Health Insurance Eligibility Rules


  1. The company must be a member of the Association for at least thirty (30) calendar days to become eligible to participate in the insurance program.

  2. Only owners, officers, key supervisory personnel and eligible employees of the Exchange member shall be allowed to participate in the group insurance program adopted by the BESA. They must join;

    1. During their initial eligibility period, or

    2. During a BESA open enrollment period, or

    3. A member firm in receipt of a renewal letter from a competitive carrier may join within 30 days of the firms normal renewal. A copy of the renewal letter must be submitted with the application to BESA's designated Administrator.

    4. A member firm offering medical benefits for the very first time. A confirmation letter from the member firm and one competing carrier benefits proposal must be submitted with the application requirements to BESA's designated administrator. A minimum of two (2) full time eligible employees must enroll. Member firm must have been in business for one full calendar quarter.

  3. All employees within eligible classification must be accounted for by enrollment or declination forms. A minimum of 50% of all eligible employees must enroll for health insurance. 100% of eligible employees must enroll to be eligible for dental and/or Basic Group Term Life Insurance. Only new employees can be added at a later date. If an employer contributes 100% of employee cost, all eligible employees must enroll.

  4. Employer is required to contribute a minimum of 50% of the "Employee Only" Premium.

  5. All applications will be thoroughly screened by the BESA designated Administrator for completeness and correct information.

  6. All present employees who are eligible may have as their eligibility date the date the employer group becomes effective. All future employees who are eligible shall have as their eligibility date the first of the month following 30, 60, 90, 180, or 365 days of continuous employment as determined by the specific employer group.

  7. If your company's eligibility waiting period is other than the standard 30 days of continuous employment, i.e., 60, 90, 180, or 365 days, please include a copy of your requirements with your application agreement. No waiting period beyond 365 days will be accepted by the BESA designated Administrator.

  8. Eligible dependents are an eligible employee's spouse and unmarried children from birth to age 19, or extended to the age specified by the sponsored health plan carrier. Sponsored carriers usually extend dependent coverage to age 23 with the provision of full time student status and/or the Internal Revenue Code's meaning of a dependent.

  9. All employees shall be required to file written application with the BESA designated Administrator within thirty-one days of marriage, birth of a child, or the legal adoption of a child.

  10. Benefits desired must be chosen at the time of enrollment in the program. You may not add or delete or change benefits unless there is an open enrollment period. Exception to this will be qualification under 2c above.

  11. All ancillary coverage's, i.e., dental, optical, basic group life/AD&D, group voluntary life, etc., are written on a stand-alone basis through the BESA. (with the exception of  ASHP Complimentary Health Plan Rider). However, if you elect ancillary coverage and drop it, you may not enroll in ancillary coverage for twelve months.

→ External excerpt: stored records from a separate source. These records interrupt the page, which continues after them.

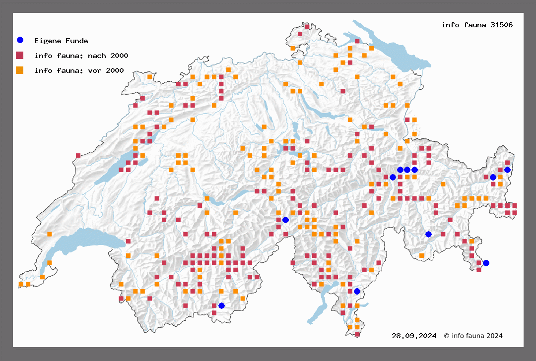 a) graeseriata Ratz. Mittig. S. E. G. 1882, 361 Dietze, Eupith. T 77. Grössere, mehr graue, individuell sehr veränderliche, meist weniger gezeichnete Gebirgsform. Es kommen Exemplare vor, welche in der schärferen Zeichnung der Herrich-Schäfter'schen expressaria (H. S. 284/5) genau entsprechen. St. Moritz, Pontresina (Püng.), Versam (Steck), Gadmen, Susten (Ratz.), La Forclaz, Glacier de Trient (W.), Gruben, in der Talsohle mehrfach (M.-R.), am Simplon höchst gemein, Zermatt in einer stärker gezeichneten und viel dunkleren Form (Püng.), in Göschenen am Lichte gar nicht selten (Uffeln).
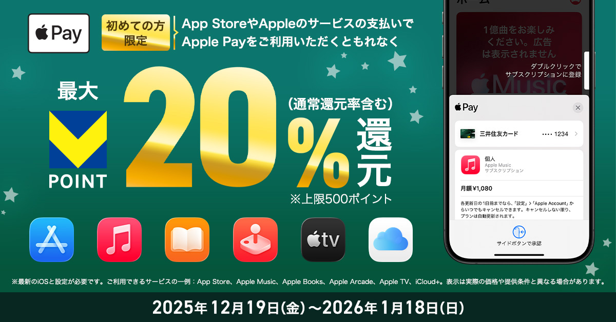 三井住友カードでApp StoreやAppleのサービスの支払いにApple Payを初めて利用で20%還元キャンペーン。上限500ポイント。~2026/1/18。
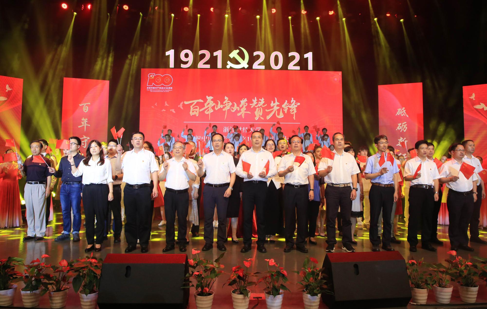 本网讯 6月28日,学校举行“百年峥嵘赞先锋”庆祝建党100周年表彰大会。李金昌、黄建新、余建森、王奎泉、孙旭东、李永友、徐晓东、董进才、申屠莉、楼胆群等校领导,老党员代表,各二级党组织负责人,全体中层干部,各党支部书记,专兼职组织员,师生党员代表共800余人参加大会。大会由校党委副书记黄建新主持。
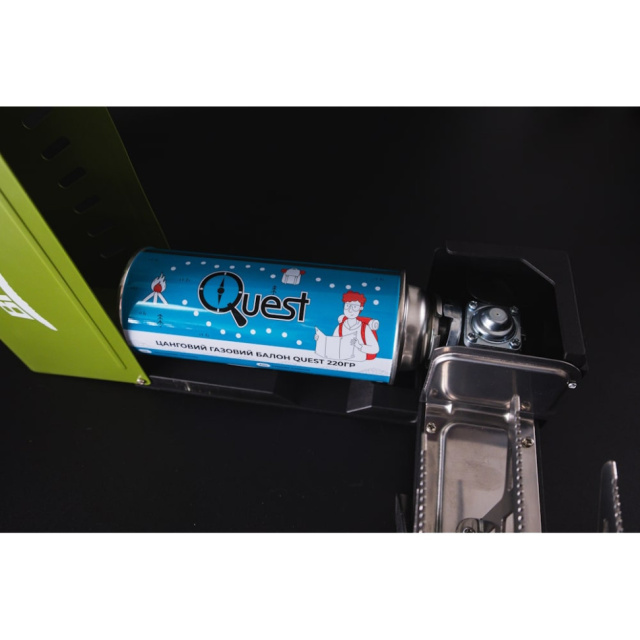 Цанговый баллон Quest 220 г заправлен очищенным бутаном, актуальным для использования при температуре от -2°C и выше. Корпус изготовлен из сверхпрочного сплава и обеспечивает безопасность под давлением.
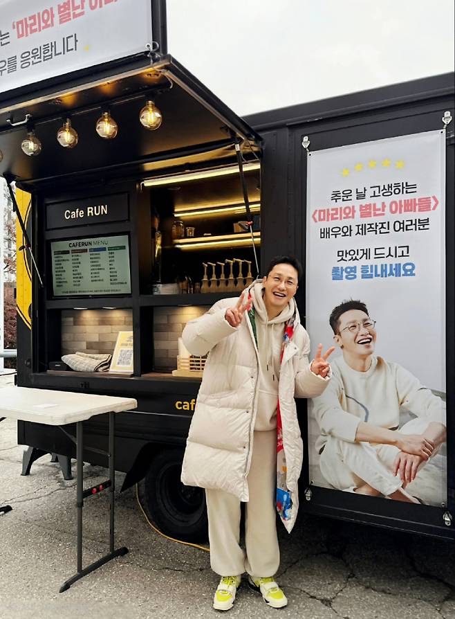 친구들의 응원이 담긴 커피차에 황동주는 KBS 1TV '마리와 별난 아빠들'에 함께 출연하고 있는 배우 류진, 그리고 현우와 장난스런 포즈로 인증샷을 남기며 시선을 사로잡았다.
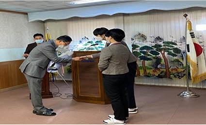 취임식은 코로나19로 최소인원과 간소한 식순 속에 대면 및 비대면으로 진행했으며, 학교법인 도연학원 조일근 이사, 정운 이사, 학교운영위원회 위원장, 교직원 등이 참석했다.
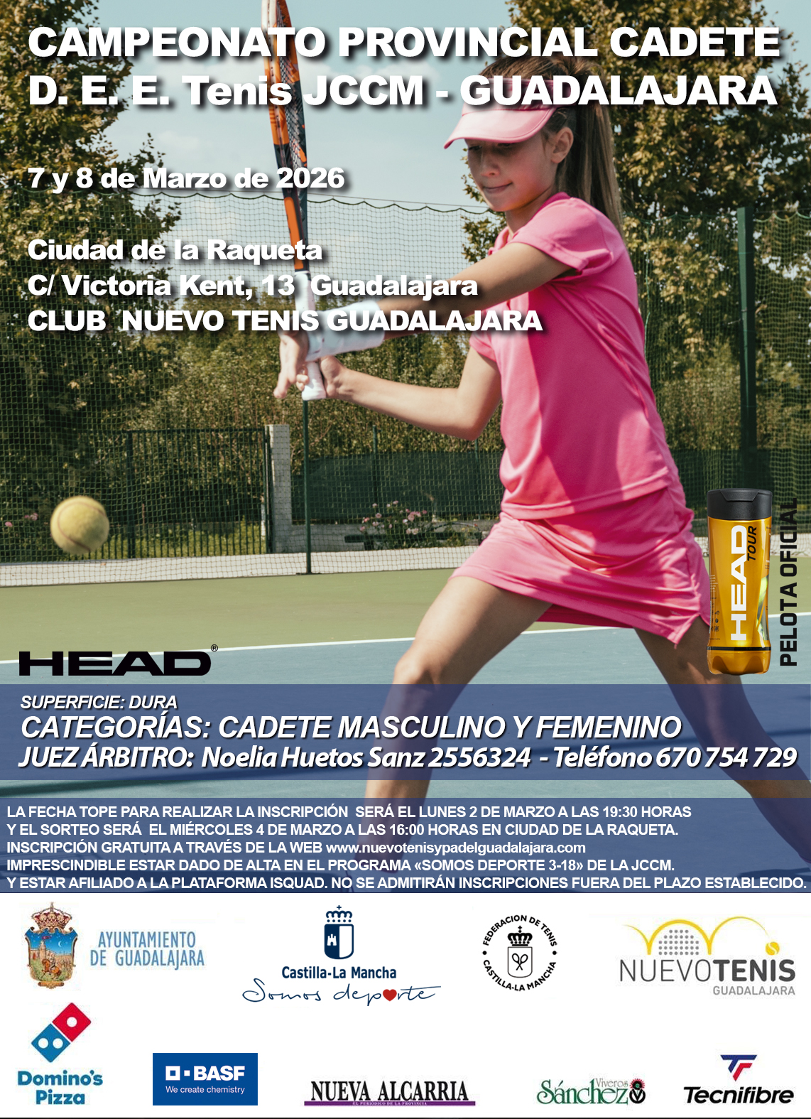 INSCRIPCIÓN GRATUITA A TRAVÉS DE LA WEB www.nuevotenisypadelguadalajara.com
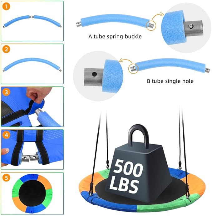 - Eight Padded Irons Tubes: The high-quality irons tubes are padded with soft foams which are comfortable and safe for children. The tubes can be connected and balanced easily by the provided eyebolts of the ropes, and there are no extra tools needed for installation as all the accessories are included in the package. Our saucer tree swing is a nice gift for your kids and friends.
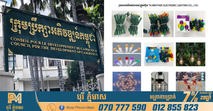 ៤- ក្រុមហ៊ុន “TG-BROTHER ELECTRONIC LIGHTING CO., LTD.” គម្រោងបង្កើតរោងចក្រផលិតអំពូលភ្លើង និងអំពូលភ្លើងលំអ ផលិតផលប្លាស្ទិក ដើមគ្រីស្មាស់ និងសម្ភារៈលំអដើមគ្រីស្មាស់ ដែលមានទីតាំងវិនិយោគស្ថិតនៅក្នុងតំបន់សេដ្ឋកិច្ចពិសេស ស្វាយរៀង ហ្គីហ្គា រីសស៍, ខេត្តស្វាយរៀង, ក្នុងទុនវិនិយោគប្រមាណ ៥លានដុល្លារអាម៉េរិក និងអាចបង្កើតការងារបានចំនួន ៧៥៤ កន្លែង។
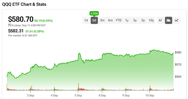 인베스코 QQQ ETF가 최근 5일간 3.5% 상승했으며, 연초 대비 약 13.8% 상승한 것으로 나타났다.
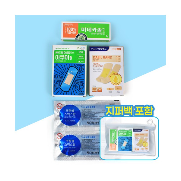 마데카솔 연고8g + 대일밴드 혼합 12매 + 동국제약 아쿠아 방수밴드 10매 + 스틱스왑 소독봉 2매입 2개 + 지퍼백 + 종이케이스 별도문의
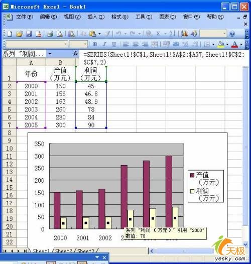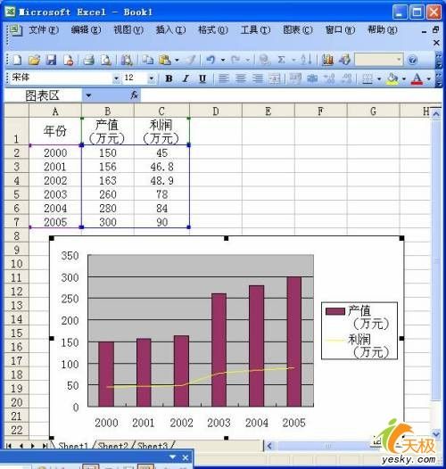 3、在圖表的“繪圖區”中,用鼠標單擊某個序列的圖表(如“利潤”,參見圖2)。
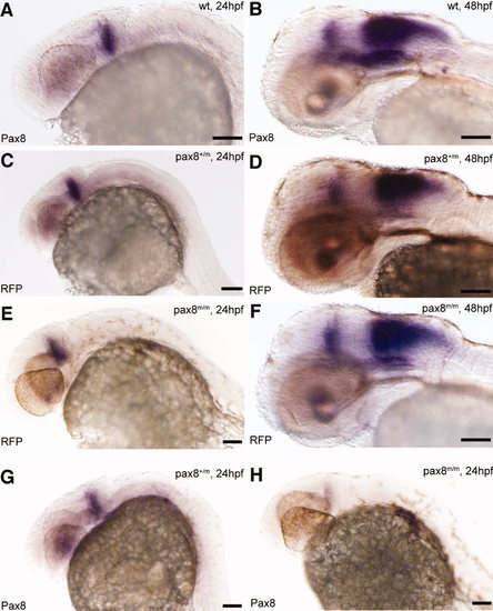 Pax8 expression is identical to RFP expression. Transcripts were detected using in situ hybidization with either pax8 (A,B,G,H) or RFP (C–F) probes in 24-hpf (A,C,E,G,H) or 48-hpf (B,D,F) embryos. Expression pattern, at 24 hpf, of pax8 in wild type (pax8+/+; A) was the same as that of RFP in pax8+/m (C) and pax8m/m (E). Signal was detected in the mhb region of the embryos. RFP showed no signal in wild-type samples (data not shown). At 48 hpf, the staining pattern of pax8 in wild type (B) resembled that of RFP expression in pax8+/m (D) and pax8m/m (F) embryos. Pax8+/m embryos showed positive staining also with the pax8 probe (G). Pax8 transcripts were also detected, at a much lower intensity, in pax8m/m embryos (H). Scale bars = 100 μm. |
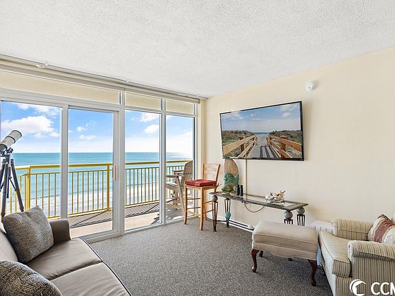Welcome to your dream oceanfront oasis at Bay Watch Resort in North Myrtle Beach, South Carolina! This recently updated, exceptional 2-bedroom, 2-bathroom end unit condo offers breathtaking views of the Atlantic Ocean throughout the entire unit, including both bedrooms, that will leave you in awe. The entryway boasts stylish vinyl laminate flooring, while the living room and bedrooms feature new, plush carpeting. The kitchen is a source of inspiration with its granite countertops, brushed bronze faucet, and panoramic ocean views. The primary bedroom offers access to the oceanfront balcony, where you can start your day with a stunning sunrise, and it comes complete with an ensuite bath for your privacy and comfort. The second bedroom is equally enchanting, offering its own private balcony and beautiful ocean views. Both bedrooms are equipped with motorized blinds, complete with remote controls for your convenience. This unit has been lovingly cared for by the current owners and has not been rented during their ownership, ensuring pristine condition and meticulous maintenance. It comes fully furnished, including a washer and dryer, a love seat sleeper sofa, as well as a swivel wall-mounted flat screen smart TV in the living room for your entertainment. But the magic doesn't stop there. Bay Watch Resorts offers an array of on-site amenities to enhance your coastal lifestyle, including three restaurants, 18 indoor and outdoor water features, a fitness center, a gift shop, and seasonal activities for adults and children alike. The oceanfront conference center is perfect for business or social gatherings. Whether you're an investor seeking a lucrative opportunity or an individual looking for a secondary or primary residence, this condo is the perfect choice. Bay Watch Resort is renowned for its unparalleled location and wide range of amenities, making it a coastal paradise. Don't miss the chance to make this oceanfront haven your own. Contact us today to schedule a viewing and experience the coastal lifestyle you've been dreaming of! Be sure to check out the virtual tour for a comprehensive view! Buyer and buyer’s agent are responsible for due diligence and information contained herein. Verification of square footage is buyer’s responsibility.
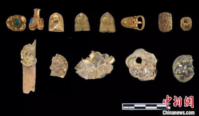 图为青海都兰热水墓群出土金器。 联合考古队 摄
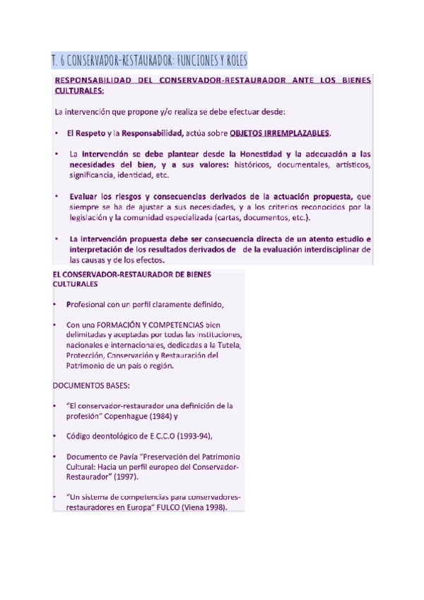 He publicado nuevos apuntes de 2º criterios de intervención y deontología de la profesión: Tema-4.-Conserv.-Resaurad..pdf
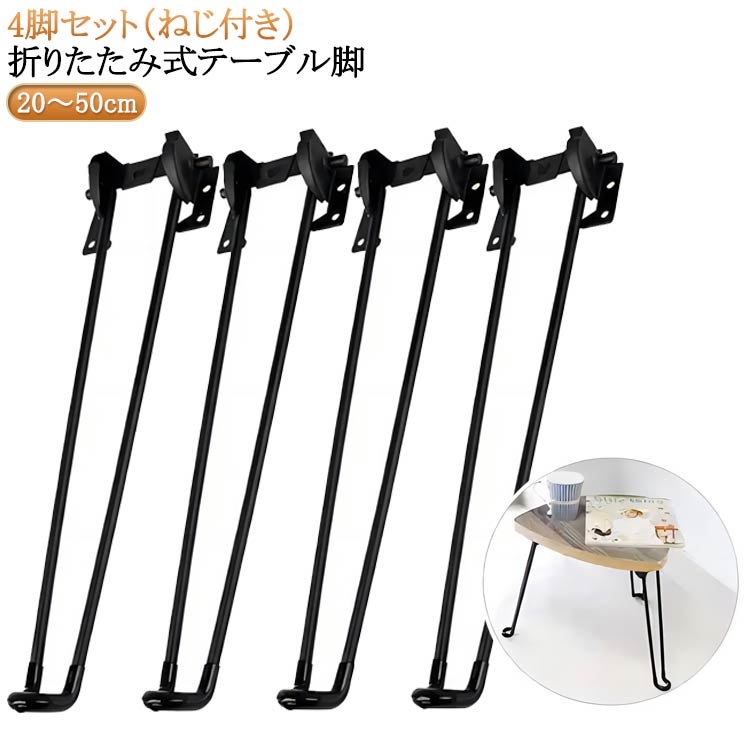 20~50cm パーツ 脚 テーブル 折りたたみ セット 脚のみ スチール 折り畳み 4本セット 座卓 DIY 4脚セット 鉄脚 ブラック 付け替え 台座 座卓用 テーブルの脚 机 ちゃぶ台

  12. If dental, optical, or any ancillary coverage is selected, enrollment must be in accordance with the sponsored carrier's requirements.

  13. Only a Builders Exchange Service Association, Inc., (BESA) designated Administrator will bill individual groups, collect insurance premiums and remit on a master bill to sponsored insurance carriers.

  14. The BESA designated Administrators employ an open door policy to all participating insurance carriers to audit their Administrative Procedures in compliance with their contract.

  15. The health plans sponsored by participating BESA members will be subject to any State or Federal legislation and the benefits and rates will be adjusted to comply in accordance with sponsored carrier policies.